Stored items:
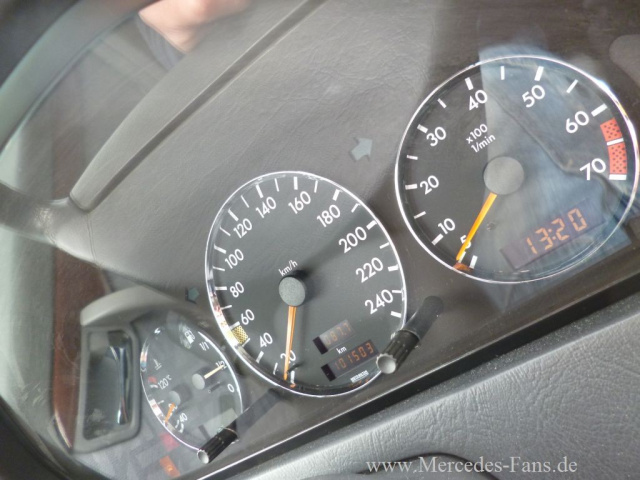 Die Instrumente sind nun mit Chrom-Ringen verschönert. Der Einbau ging zügig von der Hand. Außerdem sind noch zwei Chromringe für die Heizungsregler dazugekommen, um den Look des Armaturenträgers zu harmonisieren. Ferner sind nun Sonnenblenden der Baureihe W210 verbaut. Die Beleuchtung wurde auf weiße LEDs modifiziert.
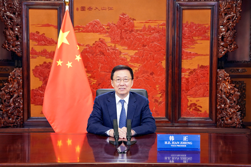 10月18日,中共中央政治局常委、国务院副总理韩正在北京以视频方式出席第二届“一带一路”能源部长会议并发表致辞。新华社记者 殷博古 摄
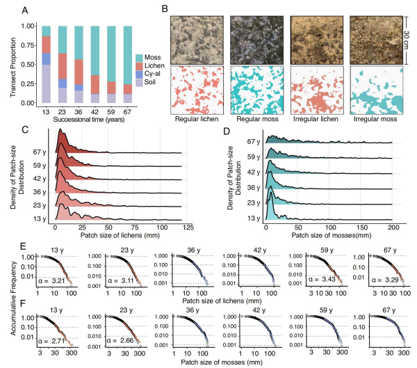 研究团队采用了计算建模与全局-局部耦合的野外调查相结合的研究方法。理论建模基于概率的元胞自动机(Cellular automaton)模型的开发,模拟了地衣和藓类斑块的动态变化。野外观测在中国科学院沙坡头沙漠试验研究站进行,通过在不同演替阶段的人工固沙植被带中设置样线,记录了生物结皮的覆盖度、组成和斑块大小分布。研究通过对幂律分布的拟合,从全局尺度检测主导生物结皮动态的反馈模式。通过不同演替阶段和不同斑块大小下,生物结皮斑块中心与边缘之间的生长差异的比较,从斑块尺度验证局部自组织过程。对比模拟结果最终揭示生物结皮自组织机理及其生态意义。
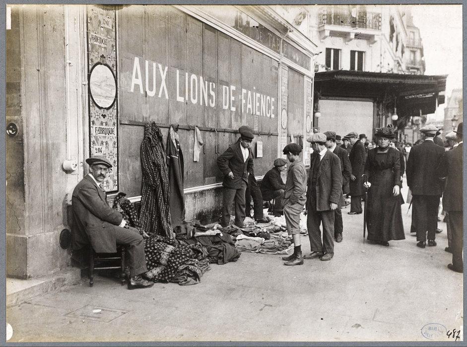 Etalage d'un fripier [Devant "Aux Lions de Faïence" fermé, 90 rue de Rivoli et 1, rue Nicolas Flamel]
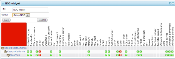 Network Operation Center (NOC) widgets are compact, full-screen information views that display the status of a collection of networks and assets. They are normally displayed on dedicated monitors.
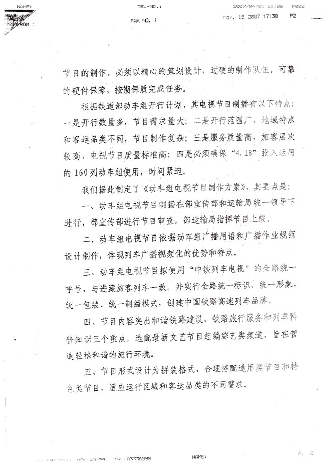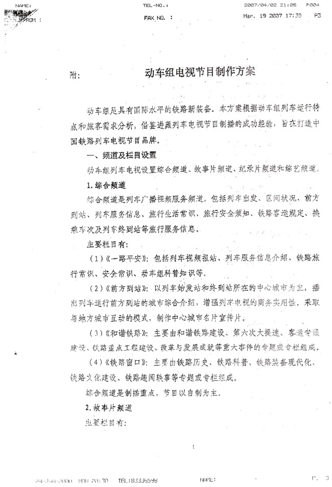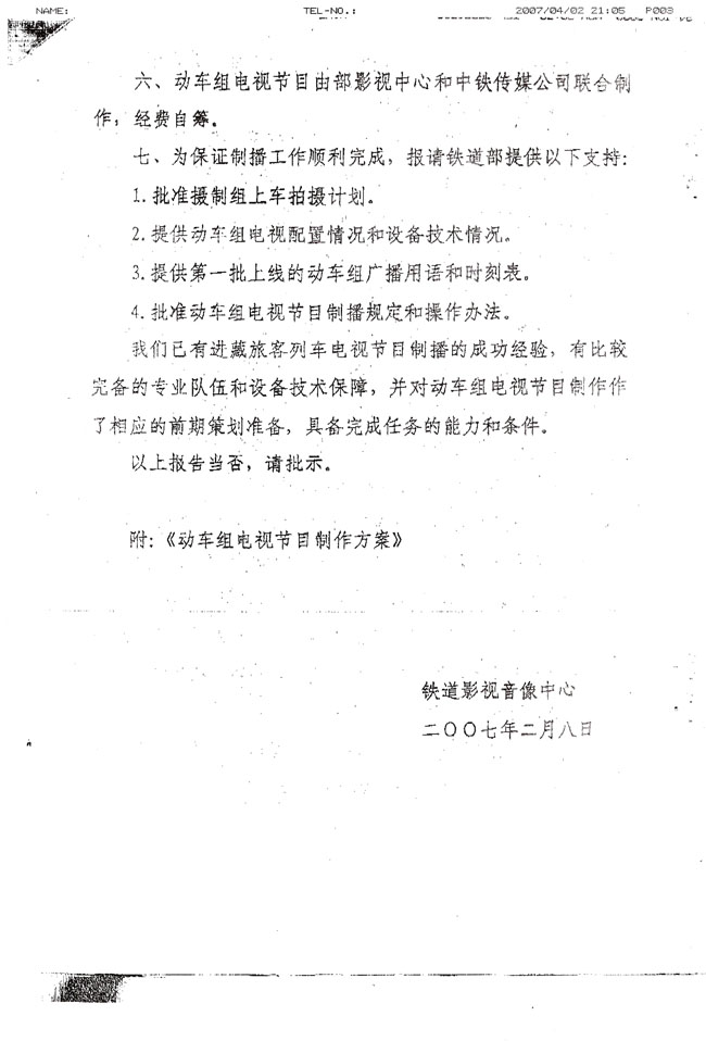 (16)《关于制作动车组电视节目报告》及铁道部领导的批示
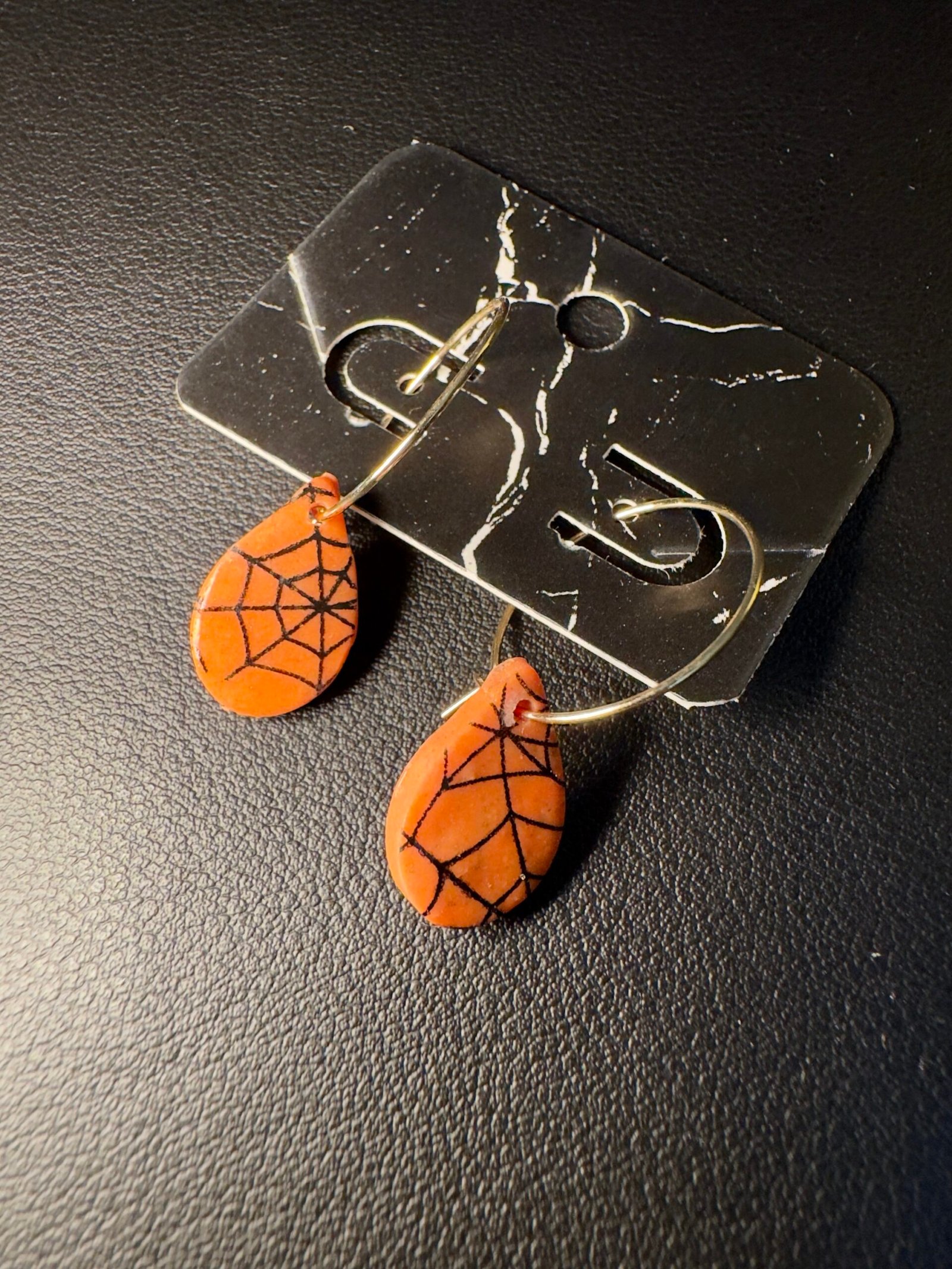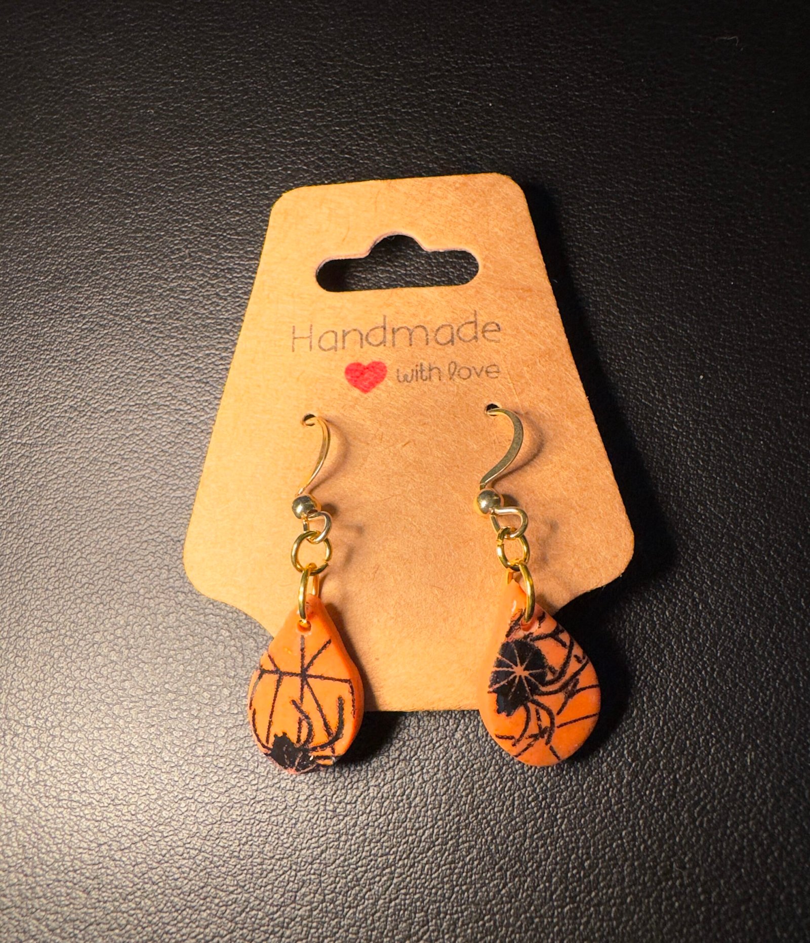 Orange tear drop polymer clay earrings with black spider silk screen on them. The clay was mixed by hand to achieve that nice orange color and sealed in a coat of UV resin to get that nice shine that attracts the eye. The hooks are surgical steel gold plated.

- _EXERCISE DETAILS_: Leaving the pictures out, give back each line above exactly.

- _TASK RESPONSE_:
 Die Instrumente sind nun mit Chrom-Ringen verschönert. Der Einbau ging zügig von der Hand. Außerdem sind noch zwei Chromringe für die Heizungsregler dazugekommen, um den Look des Armaturenträgers zu harmonisieren. Ferner sind nun Sonnenblenden der Baureihe W210 verbaut. Die Beleuchtung wurde auf weiße LEDs modifiziert.
 10月18日,中共中央政治局常委、国务院副总理韩正在北京以视频方式出席第二届“一带一路”能源部长会议并发表致辞。新华社记者 殷博古 摄
 研究团队采用了计算建模与全局-局部耦合的野外调查相结合的研究方法。理论建模基于概率的元胞自动机(Cellular automaton)模型的开发,模拟了地衣和藓类斑块的动态变化。野外观测在中国科学院沙坡头沙漠试验研究站进行,通过在不同演替阶段的人工固沙植被带中设置样线,记录了生物结皮的覆盖度、组成和斑块大小分布。研究通过对幂律分布的拟合,从全局尺度检测主导生物结皮动态的反馈模式。通过不同演替阶段和不同斑块大小下,生物结皮斑块中心与边缘之间的生长差异的比较,从斑块尺度验证局部自组织过程。对比模拟结果最终揭示生物结皮自组织机理及其生态意义。
 Etalage d'un fripier [Devant "Aux Lions de Faïence" fermé, 90 rue de Rivoli et 1, rue Nicolas Flamel]
 Network Operation Center (NOC) widgets are compact, full-screen information views that display the status of a collection of networks and assets. They are normally displayed on dedicated monitors.
 (16)《关于制作动车组电视节目报告》及铁道部领导的批示
 Orange tear drop polymer clay earrings with black spider silk screen on them. The clay was mixed by hand to achieve that nice orange color and sealed in a coat of UV resin to get that nice shine that attracts the eye. The hooks are surgical steel gold plated.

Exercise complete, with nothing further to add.